A Yes-associated protein (YAP)–glutaminase axis mediates hepatic stellate cell transdifferentiation and liver fibrosis. Du et al present findings demonstrating that Hedgehog signaling mediates the up-regulation of glutaminase via a downstream mediator YAP of the Hippo signaling pathway. Up-regulation of glutaminase, an anaplerotic reaction that replenishes metabolic intermediates, such as α-ketoglutarate, sustains increased bioenergetic and biomass requirements of proliferating cells. Glutaminolysis has a critical role in the transdifferentiation of hepatic stellate cells into myofibroblasts, demonstrating increased proliferative, migratory, and fibrogenic capacities in the manifestation of liver fibrosis. Novel therapeutic and diagnostic strategies could be envisioned based on these molecular findings. TCA, tricarboxylic acid.

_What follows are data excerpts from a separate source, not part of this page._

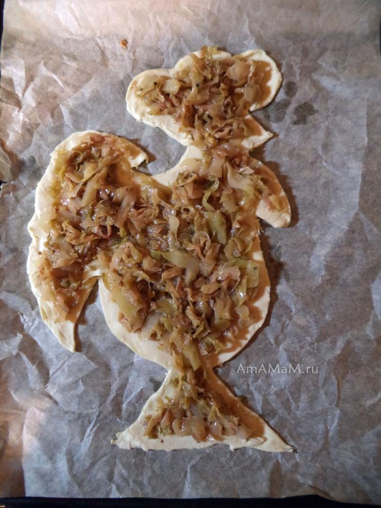 Выложить начинку: на основу пирога выложить подготовленную заранее начинку (у меня была капустная, ниже расскажу, как ее делать). Равномерно распределить ее, отступив от края 1 см (это место для соединения в верхним пластом теста).
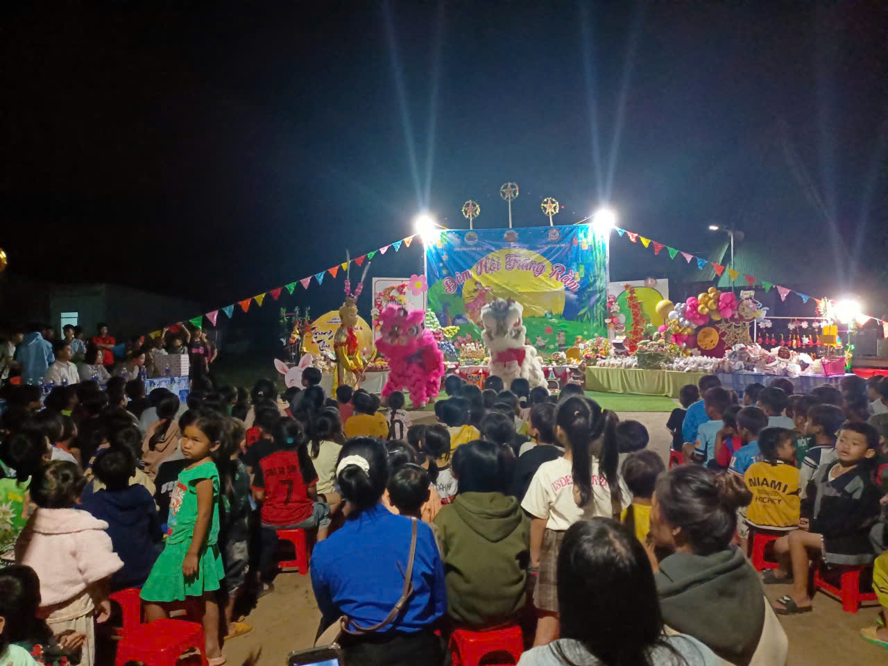 Mở đầu Chương trình “Đêm hội trăng rằm” sôi động với màn múa lân rộn ràng và nghi thức phá cỗ Trung thu. Tiếp đó, các cháu thiếu nhi cùng nhau rước đèn, chơi trò chơi dân gian và thưởng thức nhiều tiết mục văn nghệ, tiểu phẩm tái hiện hình ảnh chị Hằng và chú Cuội. Bầu không khí vui tươi phấn khởi của “Đêm hội trăng rằm” đã mang lại niềm vui trọn vẹn cho các em nhỏ vùng biên giới, qua đó đã góp phần tiếp thêm động lực để các em nỗ lực học tập, rèn luyện, trở thành công dân có ích.
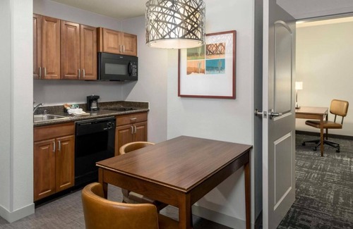 The 1 King Bed Studio Suite Non-smoking + 1 King Bed Studio Suite Non-smoking at Homewood Suites Phoenix North-Happy Valley is an apartment-style suite, perfect for the discerning traveler. Each sitting area features a full-sized sofabed, fully-equipped kitchen, dining table for two which can also double as a dedicated workspace, and large windows to allow in plenty of natural light. Both bedrooms boast King-sized beds with premium bedding and blackout drapes to ensure a full night of deep sleep. Two sleek bathrooms also adorn the suites with traditional shower/tub combinations and granite-top vanities to heighten your morning routine. This suite is ideal for those seeking a two-bedroom suite in Phoenix. Ideal for extended stays, business trips, and family travel, the Homewood Suites Phoenix North-Happy Valley offers spacious suites with full kitchens and cozy living areas. Start your morning with a free hot breakfast, and take advantage of the hotel's complimentary grocery shopping service to enjoy the convenience of a fully-stocked kitchen when you arrive. This all-suite hotel is located an eight-minute drive from Wet 'n' Wild Phoenix water park, approximately 20-minutes from downtown Phoenix, and is within a 12-minute drive of several hiking and outdoor recreation areas including the Phoenix Sonoran Preserve and Cave Buttes Recreation Area.
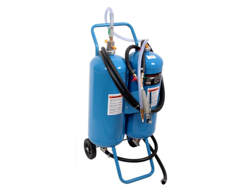 Апарат має 2 окремих баки об’ємом 25 л для кожного виду очищення. Перемикання режимів швидке і легке за допомогою розміщених на пістолеті клапанів. Витрата повітря - 400-800 л/хв, робочий тиск - 6-8 Бар. Міцна сталева конструкція зі стійкою підставкою, 2 колесами і ручкою для переміщення зручна у використанні і довговічна, завдяки чому цей універсальний піскоструй надійно служитиме тривалий час.
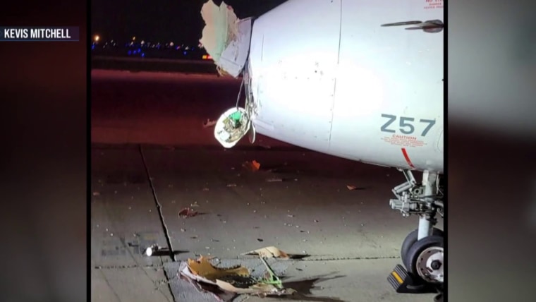 The plane, a Bombardier CRJ-200 operated by Air Wisconsin Flight 6209, was taxiing ahead of takeoff when the collision took place about 7:20 p.m., the Federal Aviation Administration said in a preliminary statement.
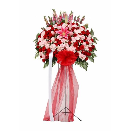 From the passionate red roses to the gentle pink blooms, every element is thoughtfully arranged to convey warmth and sincerity. Combined with its grand-standing presentation, this arrangement transforms any occasion into something truly unforgettable.
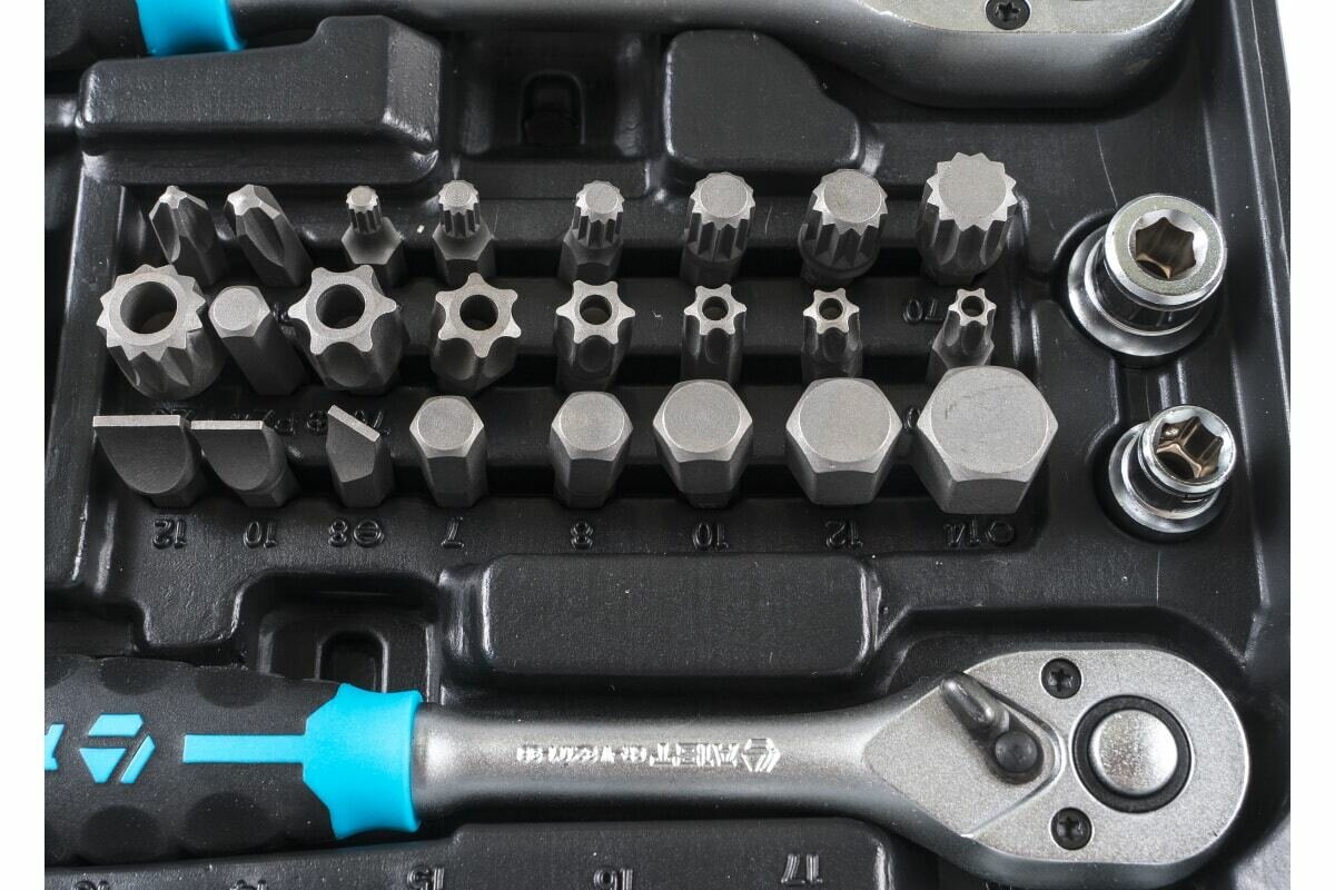 | Головки торцевые подробно | 1/4": 4, 4.5, 5, 5.5, 6, 7, 8, 9, 10, 11, 12, 13, 14 мм; 1/4" удлинённые: 4, 5, 6, 7, 8, 9, 10 мм; 1/4" TORX (E-тип): Е4, Е5, Е6, Е7, Е8; 3/8": 10, 11, 12, 13, 14, 15, 16, 17, 18, 19 мм; 3/8" удлинённые: 10, 11, 12, 13, 15 мм; 3/8" TORX (E-тип): Е10, Е11, Е12, Е14, Е16, Е18; 3/8" свечные: 14 (12-гр.), 18 мм; 1/2": 10, 11, 12, 13, 14, 15, 16, 17, 18, 19, 20, 21, 22, 24, 27, 30, 32 мм; 1/2" удлинённые: 16, 17, 18, 19, 22 мм; 1/2" TORX (E-тип): Е20, Е24; 1/2" свечные: 16, 21 мм; 1/4" Головки-вставки: PH1, PH2, SL4, SL5.5, SL7, H3, H4, H5, H6, H7, T5H, T6H, T8H, T9H, T10H, T15H, T20H, T25H, T27H, T30H, T40H, TS10, TS15, TS20, TS25, TS27, TS30, TS40, TS45, TS50 |
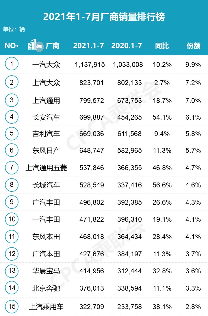 据中国汽车流通协会汽车市场研究分会(乘联会)最新零售销量数据统计,7月份国内狭义乘用车市场销量达150.0万辆,同比下降6.2%,环比下降4.9%;1-7月份累计销量1144.5万辆,同比增长22.9%。
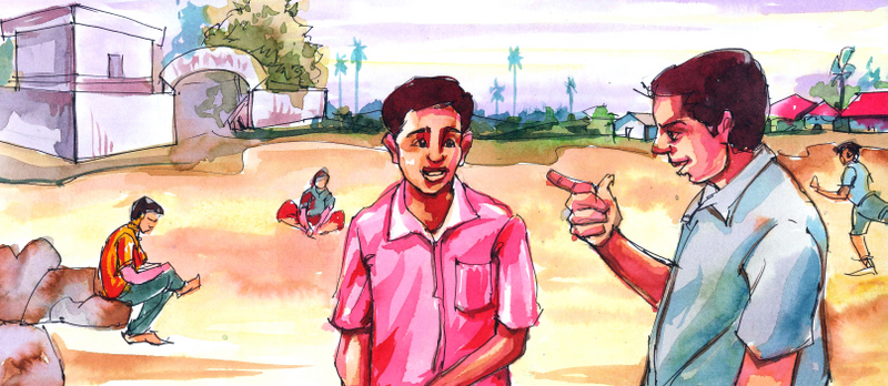 వెంటనే భీమయ్య కోపంతో చలమయ్య ఇంటికి వెళ్ళి "నిజంగా జరిగినదేమిటో చెప్తావా, లేదా?!" అని గట్టిగా అరుస్తూ చలమయ్య మీదికి చెయ్యెత్తాడు.

Du et al³ further attempted to characterize the effect of glutamine deprivation on mitochondrial bioenergetics. Of striking interest, they revealed that glutamine deprivation has a profound reduction in basal respiration and adenosine triphosphate production, more so than glucose deprivation in myofibroblastic HSCs, suggesting glutamine as a preferred energy source. The observation of a proproliferative cell phenotype preferring glutamine over glucose extends the principle of the Warburg effect in hepatic scarring and offers fundamental insight into its pathogenesis.

This study offers exciting potential for guiding improved molecular strategies for the prevention of progressive and permanent liver injury. It also raises pertinent questions for future work. The study at hand exclusively examines HSC transdifferentiation, but it is unclear whether other regenerative programs or cells within the hepatic microenvironment are also affected by a glutaminolytic shift. Furthermore, prior work in pulmonary vascular biology has previously demonstrated that extracellular matrix stiffening potentiates the YAP–glutaminase axis to promote downstream vessel stiffening and matrix remodeling—sustaining a pathogenic feedback loop.⁸ Whether or not this mechanism is conserved within liver biology remains to be elucidated; however, previous work indicating a necessity for stiff matrix in HSC transdifferentiation suggests that widespread conservation of a mechanosensitive YAP–glutaminase axis may exist.⁹ Moreover, Du et al³ focused mainly on the influence of glutaminolysis in myofibroblast phenotype maintenance. It is unknown whether other anaplerotic pathways—such as that catalyzed by pyruvate carboxylase and that is known to be coordinately up-regulated with glutaminase⁸—also contribute to liver fibrosis.

Finally, given that the YAP inhibitor verteporfin is already approved by the US Food and Drug Administration and the glutaminase inhibitor CB-839 is currently in clinical trials, Du et al present an exciting opportunity to consider repurposing current drugs for the amelioration of fibrotic transformation long before the manifestation of irreversible cirrhosis. Identification of the importance of glutamine metabolism may also suggest new avenues to develop molecular or metabolic imaging diagnostics for use early in disease. Ultimately, understanding the full impact of this work may necessitate further study of other diseases marked by neoplastic-like characteristics. Broad molecular similarities relevant to the YAP–glutaminase axis across diseases would imply that the inhibition of glutaminolysis could serve not only as a therapeutic strategy for liver disease but also other seemingly disparate human diseases as well.